* **Exercise details**:
Identify the line with "- A silver coloured"; copy word for word that line and every one after it, to the end of the listing. Exclude pictures.

* **Recorded data**:
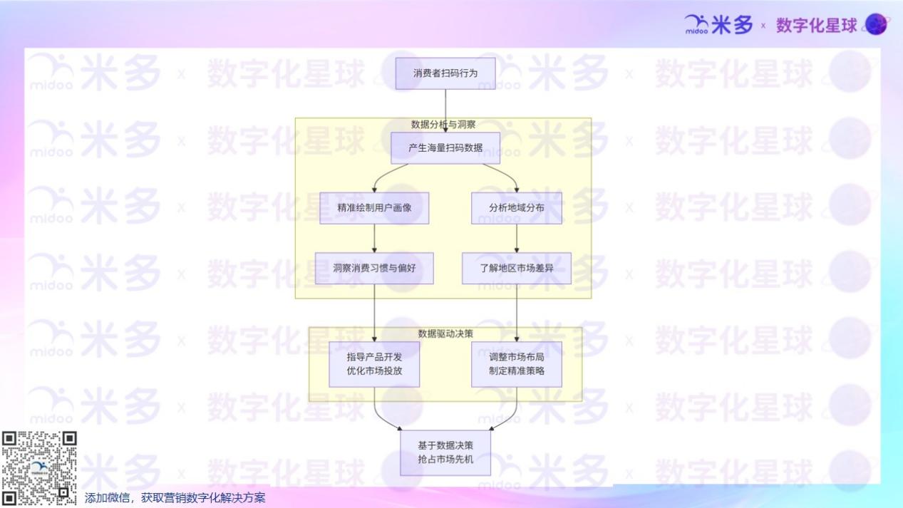 而且,溯源页还能当“营销跳板”。消费者扫码验真后,页面可引导“注册会员领复购券”“加会员群参与产区活动”,把一次性买家变长期触达的会员。 过去积累会员要花大量成本在门店引导、线上广告;现在靠一物一码溯源这个“天然流量入口”,能精准触达有信任基础的消费者,转化效率更高。 2)从“追溯”到“数据金矿” 每一次扫码行为,都不仅仅是一次简单的信息查询,更是一次宝贵的数据采集机会。通过对海量扫码数据的深入分析,品牌可以精准地绘制出详细的用户画像。 从而了解到不同地区、不同年龄段、不同性别消费者的消费习惯、偏好特点等信息,从而更加准确地把握市场需求的变化趋势。
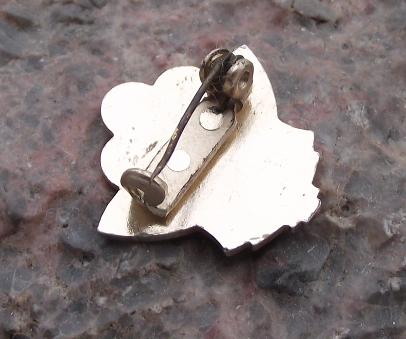 - A silver coloured metal badge with a 2cm wide badge face and a safety clasp style fastener to the rear.
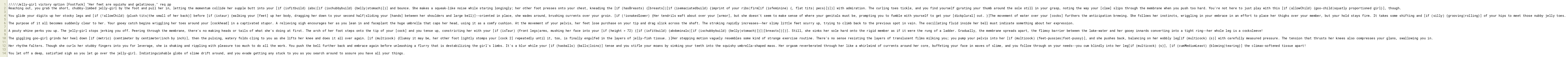 The giggling goo-girl grinds her heel down [if (metric) {centimeter by centimeter|inch by inch}], then the pulsing, watery folds cling to you as she lifts her knee and does it all over again. [if (multicock) {Clumsy it may be, her other foot lightly stomps your [cock 2] repeatedly until it, too, is finally engulfed in the layers of jelly-fish tissue. }]Her stepping motion vaguely resembles some kind of strange exercise routine. There's no sense resisting the layers of translucent films milking you; you pump your pelvis into her [if (multicock) {feet-pussies|foot-pussy}], and she pushes back, balancing on her wobbly leg[if (multicock) {s}] with carefully measured pressure. The tension that thrusts her knees also compresses your glans, swallowing you in.
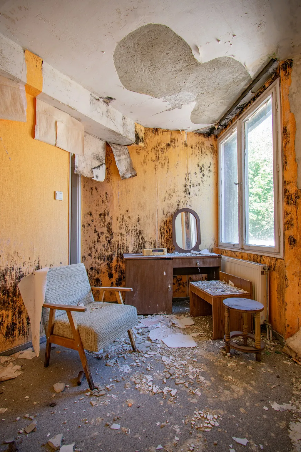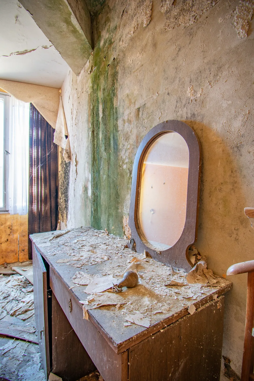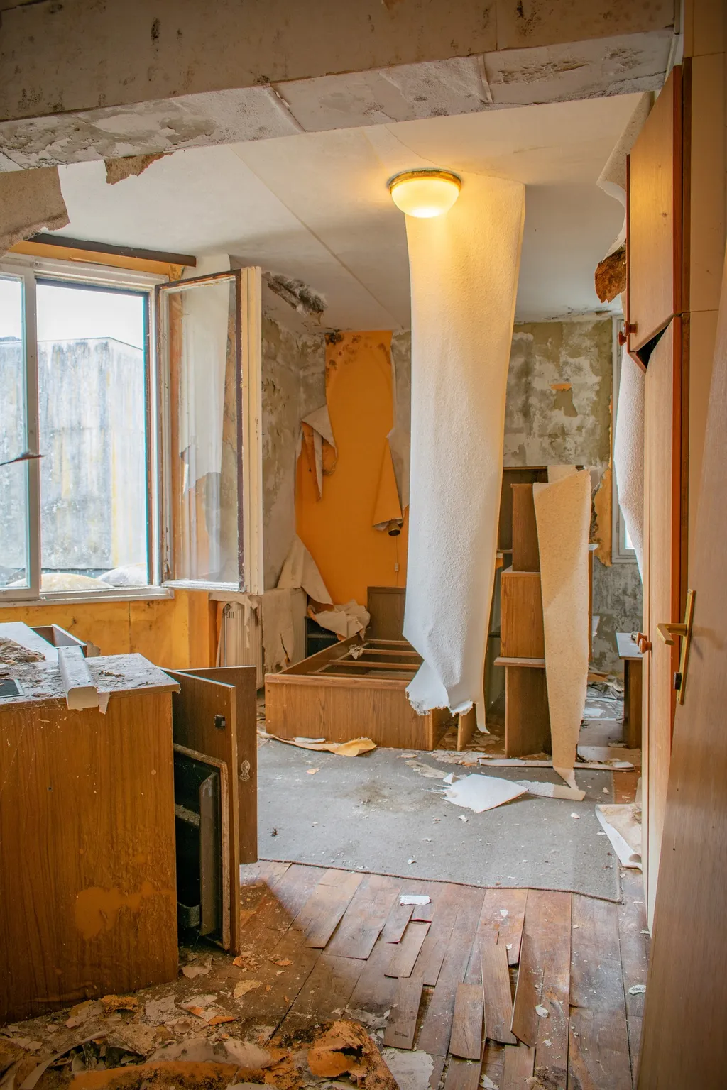 A fal mellett áll egy hatalmas zárt széf, nem lehet tudni, hogy mit rejt. A recepciós pult mögött kulcsok lógnak számozva, mintha a vendégek bármelyik percben visszatérhetnének. Az ágyon összegyűrt lepedők várják, hogy valaki megigazítsa őket. Rejtély, hogy pontosan mi történhetett az épületben. A hotel falai még mindig őrzik a vendégek utolsó éjszakájának a titkát.

* **Solution to the problem**:
 - A silver coloured metal badge with a 2cm wide badge face and a safety clasp style fastener to the rear.
 The giggling goo-girl grinds her heel down [if (metric) {centimeter by centimeter|inch by inch}], then the pulsing, watery folds cling to you as she lifts her knee and does it all over again. [if (multicock) {Clumsy it may be, her other foot lightly stomps your [cock 2] repeatedly until it, too, is finally engulfed in the layers of jelly-fish tissue. }]Her stepping motion vaguely resembles some kind of strange exercise routine. There's no sense resisting the layers of translucent films milking you; you pump your pelvis into her [if (multicock) {feet-pussies|foot-pussy}], and she pushes back, balancing on her wobbly leg[if (multicock) {s}] with carefully measured pressure. The tension that thrusts her knees also compresses your glans, swallowing you in.
 A fal mellett áll egy hatalmas zárt széf, nem lehet tudni, hogy mit rejt. A recepciós pult mögött kulcsok lógnak számozva, mintha a vendégek bármelyik percben visszatérhetnének. Az ágyon összegyűrt lepedők várják, hogy valaki megigazítsa őket. Rejtély, hogy pontosan mi történhetett az épületben. A hotel falai még mindig őrzik a vendégek utolsó éjszakájának a titkát.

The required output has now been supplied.